= Exercise instructions =
After finding "Caja de 6 copas" in a line below, print that line and the rest of the lines exactly, leaving out all pictures.

━━━━━ Collected data ━━━━━

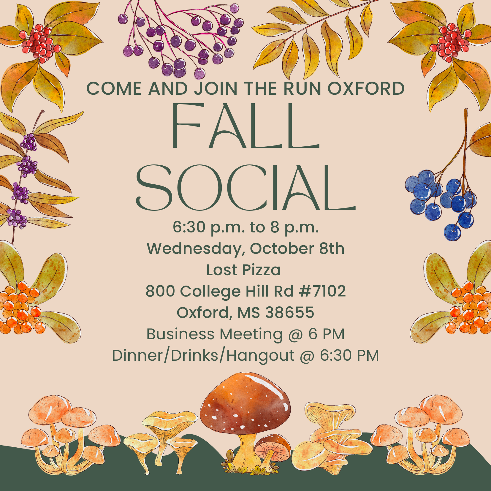We'll have our Fall Social at Lost Pizza on October 8th. Our seasonal socials bring together all the runners from across our many group runs to hang out as a group in normal clothes and comfort! We'll open with a short business meeting and then enjoy dinner and drinks so come on by!
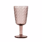 Caja de 6 copas de vidrio rosa con relieve. Capacidad 28,5cl.
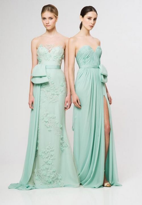 清爽薄荷绿雪纺礼服,性感的高开衩设计一展模特美好身材。
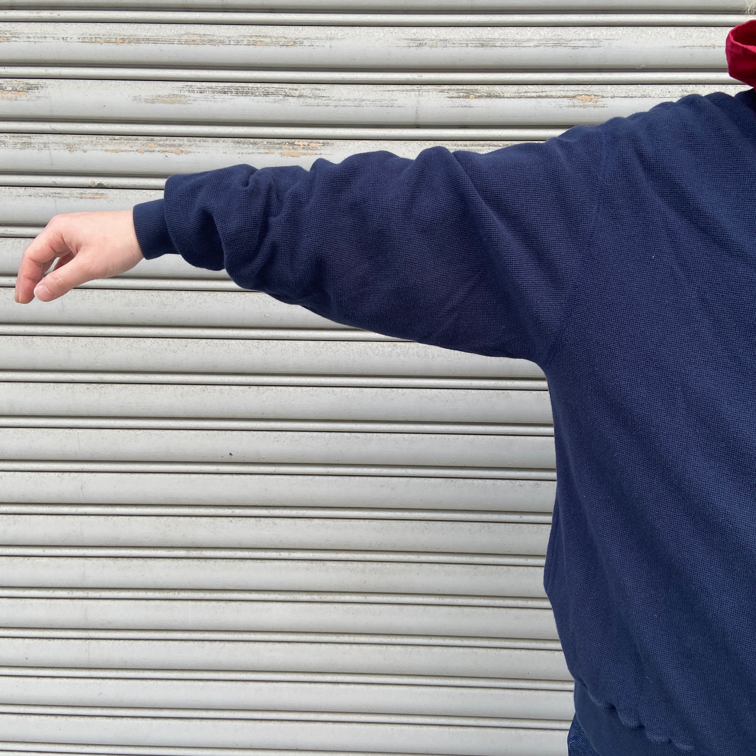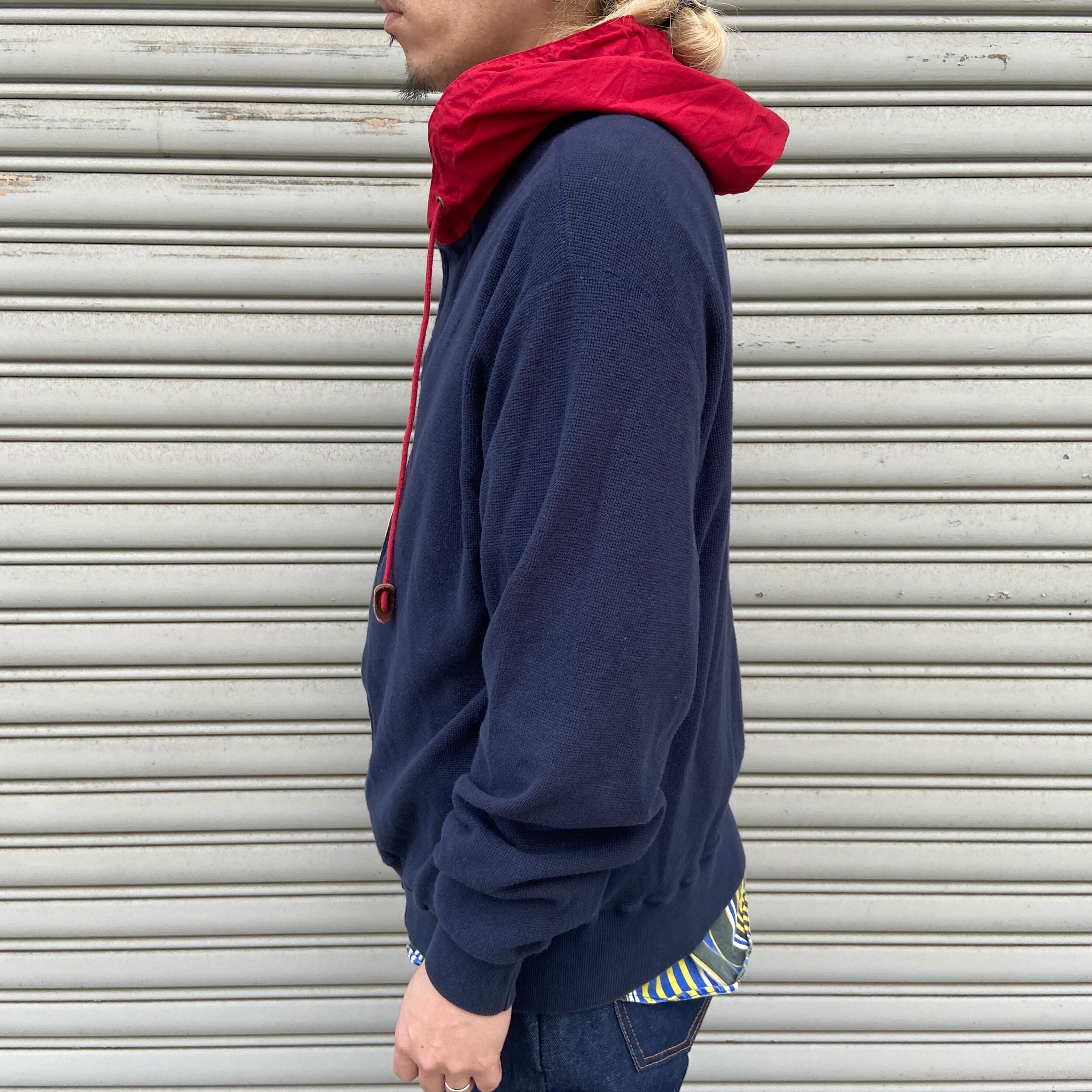 フードとドローコードのレッドカラーがネイビーと好配色です^ ^

━━━━━

= Result below =
 Caja de 6 copas de vidrio rosa con relieve. Capacidad 28,5cl.
 清爽薄荷绿雪纺礼服,性感的高开衩设计一展模特美好身材。
 フードとドローコードのレッドカラーがネイビーと好配色です^ ^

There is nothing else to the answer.